5

I have a 38GB folder with 800 MP4 videos in it. After re-downloading it, the file name has no spacing, and all words are joined, but it's still TitleCase.

So from TitleCase I need Title Case.

What would be the most effective way of bulk renaming these files?

I remember a rename or autorename being included a long time ago in my distro, but I don't seem to have it now.

  • 1
    Unpopular opinion: if renaming one file manually takes 10 seconds, that's about 130 minutes, then ten minute total per day will get the job done within two weeks. Assuming it's not urgent. – shuhalo Dec 05 '22 at 10:54
  • 6
    Can you tell us exactly which change you want to perform? E.g. all "ThreeJoinedWords" ->"Three Joined Words"? (Tongue-in-cheek: Best would be to give us this information as an sed command!) By the way, if my understanding is remotely correct: I typically perform the opposite name transformation, replacing all funny chars, including whitespace, by underlines or such. I would strongly advise against file names with spaces. The reason becomes obvious if later the need arises to change your names with spaces again. – Peter - Reinstate Monica Dec 05 '22 at 11:15
  • 6
    Please [edit] your question and i) tell us your operating system, ii) if it is a Linux, tell us which one, iii) give us some examples of your input file names and iv) the output file names you would expect from that example. Finally: please, please, please don't make the mistake of adding spaces to file names if they don't already have them. That will only make every future manipulation of the files more complicated for little benefit. You can use _ instead of spaces and they will still be easily readable while not being harder to handle. – terdon Dec 05 '22 at 12:20
  • 1
    @terdon - fwiw, if it's about renaming CamelCase to space-separated words then this is a dupe of Bulk renaming of camelcase files to include spaces – don_crissti Dec 05 '22 at 20:45
  • 1
    A little suggestion: Since the files are already on a Unix and/or Linux box, why not leave the spaces out and forget about having to escape them when addressing/accessing/performing an operation on any of the files?
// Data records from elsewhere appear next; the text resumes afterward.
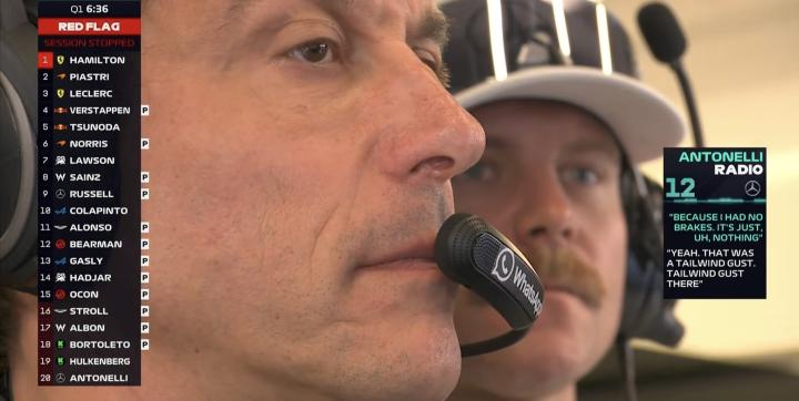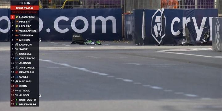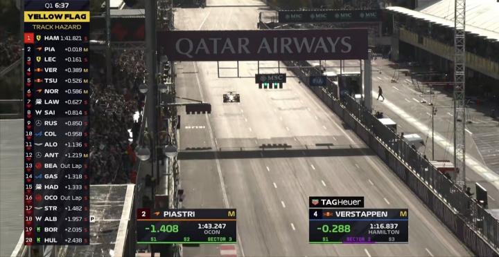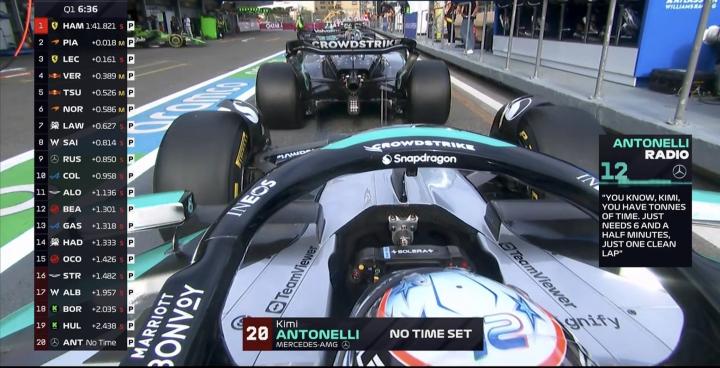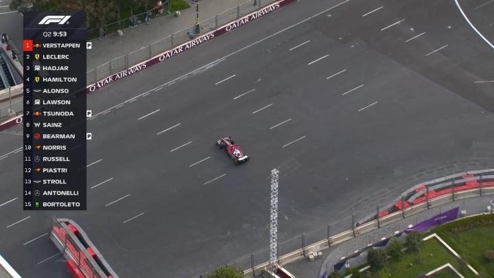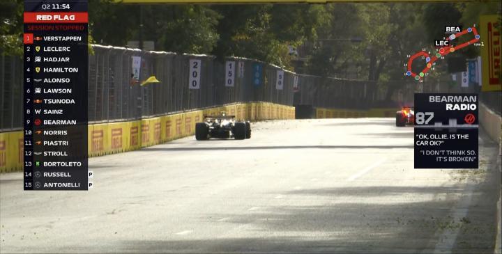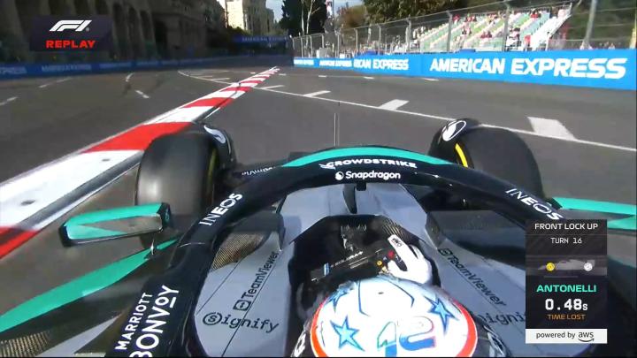 安东内利的在16号弯丢失刹车导致四轮冲出赛道,他的上一个单圈成绩被删除,目前仍没有有效成绩;
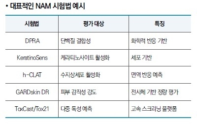 이에 따라 ➊ DPRA(Direct Peptide Reactivity Assay): 공유 결합 능력 평가 → OECD TG 442C ➋ KeratinoSens™: 각질형성세포의 활성화 측정 → OECD TG 442D ➌ h-CLAT (Human Cell Line Activation Test): 수지상세포 활성화 평가 → OECD TG 442E 등 ‘in chemico' 시험법이 개발됐다.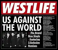 "Us Against the World" is a song by Irish boy band Westlife from their eighth studio album Back Home (2007). The song was released as the album's second single on 3 March 2008.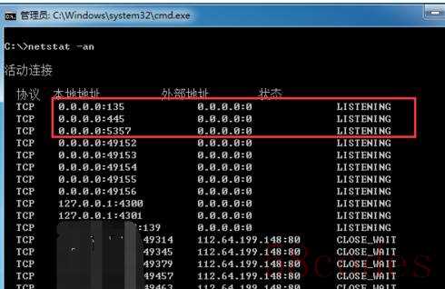 接着,可以发现当前系统开放了135、445以及5357端口,而且从状态看都处于监听状态”Listening“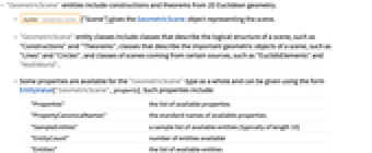 - Some properties are available for the "GeometricScene" type as a whole and can be given using the form EntityValue["GeometricScene",property]. Such properties include:
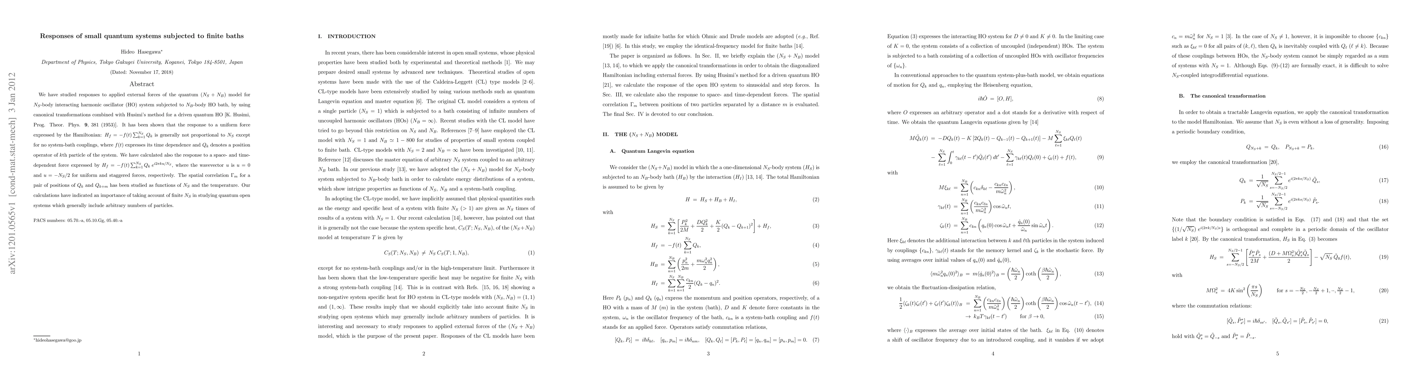 We have studied responses to applied external forces of the quantum $(N_S+N_B)$ model for $N_S$-body interacting harmonic oscillator (HO) system subjected to $N_B$-body HO bath, by using canonical transformations combined with Husimi's method for a driven quantum HO [K. Husimi, Prog. Theor. Phys. {\bf 9}, 381 (1953)]. It has been shown that the response to a uniform force expressed by the Hamiltonian: $H_f= -f(t) \sum_{k=1}^{N_S} Q_k$ is generally not proportional to $N_S$ except for no system-bath couplings, where $f(t)$ expresses its time dependence and $Q_k$ denotes a position operator of $k$th particle of the system. We have calculated also the response to a space- and time-dependent force expressed by $H_f= -f(t) \sum_{k=1}^{N_S} Q_k \: e^{i 2 \pi k u/N_S}$, where the wavevector $u$ is $u=0$ and $u=-N_S/2$ for uniform and staggered forces, respectively. The spatial correlation $\Gamma_m$ for a pair of positions of $Q_k$ and $Q_{k+m}$ has been studied as functions of $N_S$ and the temperature. Our calculations have indicated an importance of taking account of finite $N_S$ in studying quantum open systems which generally include arbitrary numbers of particles.

Just a thought. – B.Kaatz Dec 06 '22 at 03:02
  • @shuhalo And by the end of the two weeks you'll have given yourself RSI. Work smarter, not harder. – Hashim Aziz Dec 06 '22 at 20:11
  • Note that renaming the filenames will NOT affect any metadata such as movie titles. You need something like ffmpeg for that. – Jeremy Boden Dec 07 '22 at 19:33

4 Answers4

12

If you want to add spaces between each 'Words' of mp4 filename TitleCase (PascalCase to Word Separated By Spaces):

rename -n 's/\B[[:upper:]]/ $&/g' ./*.mp4

Output

rename(./FooBarBaz.mp4, ./Foo Bar Baz.mp4)

Check this post that details in depth the Perl's rename

What about rename different versions and usage ? What is the recommended way to use the Perl version especially?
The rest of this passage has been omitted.